U.S. v. North American Coal Exchange, 81-5228

Decision Date05 April 1982
Docket NumberNo. 81-5228,81-5228
Citation676 F.2d 99
PartiesUNITED STATES of America, Appellee, v. NORTH AMERICAN COAL EXCHANGE, Appellant.
CourtU.S. Court of Appeals — Fourth Circuit

Carl A. Parise, West Mufflin, Pa. (Gerald R. Robbins, Robbins & Werdig, P. C., Washington, D. C., on brief), for appellants.

Carolyn L. Gaines, Washington, D. C. (J. Alan Johnson, U. S. Atty., Paul J. Brysh, Asst. U. S. Atty., Pittsburgh, Pa., on brief), for appellee.

Before WINTER, Chief Judge, ERVIN, Circuit Judge, and KAUFMAN, * Chief District Judge.

HARRISON L. WINTER, Chief Judge:

Larry Morris and North American Coal Exchange, Inc., a corporation owned solely by Morris, moved pursuant to Fed.R.Crim.P. 41(e) for the return of property seized from the offices of North American under a search warrant executed by postal inspectors. They also sought an injunction to restrain the government from using the seized evidence at any future hearing or trial. From denial of their motion, they appeal. We dismiss the appeal.

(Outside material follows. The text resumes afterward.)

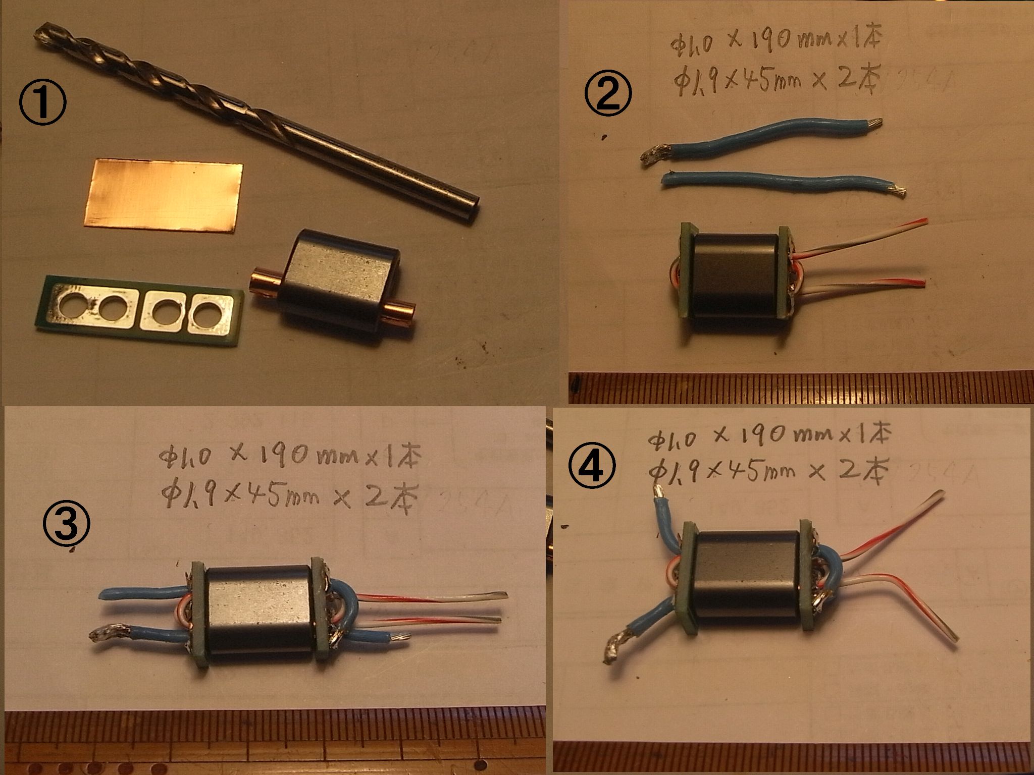 @ 0.1tx11.3x22.4mm銅板をφ4mmドリルに巻きつけ、筒状にして、フェライトコアBN-43-202に通す。2本。 写真のPCB4つ穴は、「直結二つ穴」と 「分離二つ穴」、はさみで二つに切る。

Orders denying a pretrial motion to suppress evidence are interlocutory and nonappealable. 28 U.S.C. § 1291. In DiBella v. United States, 369 U.S. 121, 82 S.Ct. 654, 7 L.Ed.2d 614 (1962) it was held that a preindictment motion is also nonappealable if it is in effect a motion to suppress evidence. Movants' prayer for injunctive relief makes it clear that their motion was in substance a motion to suppress evidence. It matters not that Larry Morris was not under indictment when the motion was filed since he was subsequently indicted in another district, nor that North American has never been indicted. See Parrish v. United States, 376 F.2d 601 (4 Cir. 1967). Although Parrish arose where a husband had been indicted prior to appeal but his wife had not, we held that the identity of interest between them was such that the wife's interest would be fully presented, considered and determined by her husband's motion to suppress which he could file in the court of indictment. Similarly, we think that North American's interest would be protected by motions filed by its sole stockholder, sole director and sole executive officer.

Our dismissal of the appeal is, of course, without prejudice to motions to suppress in the court having jurisdiction of the criminal case.

APPEAL DISMISSED.

* Honorable Frank A. Kaufman, Chief Judge, United States District Court for the District of Maryland, sitting by designation.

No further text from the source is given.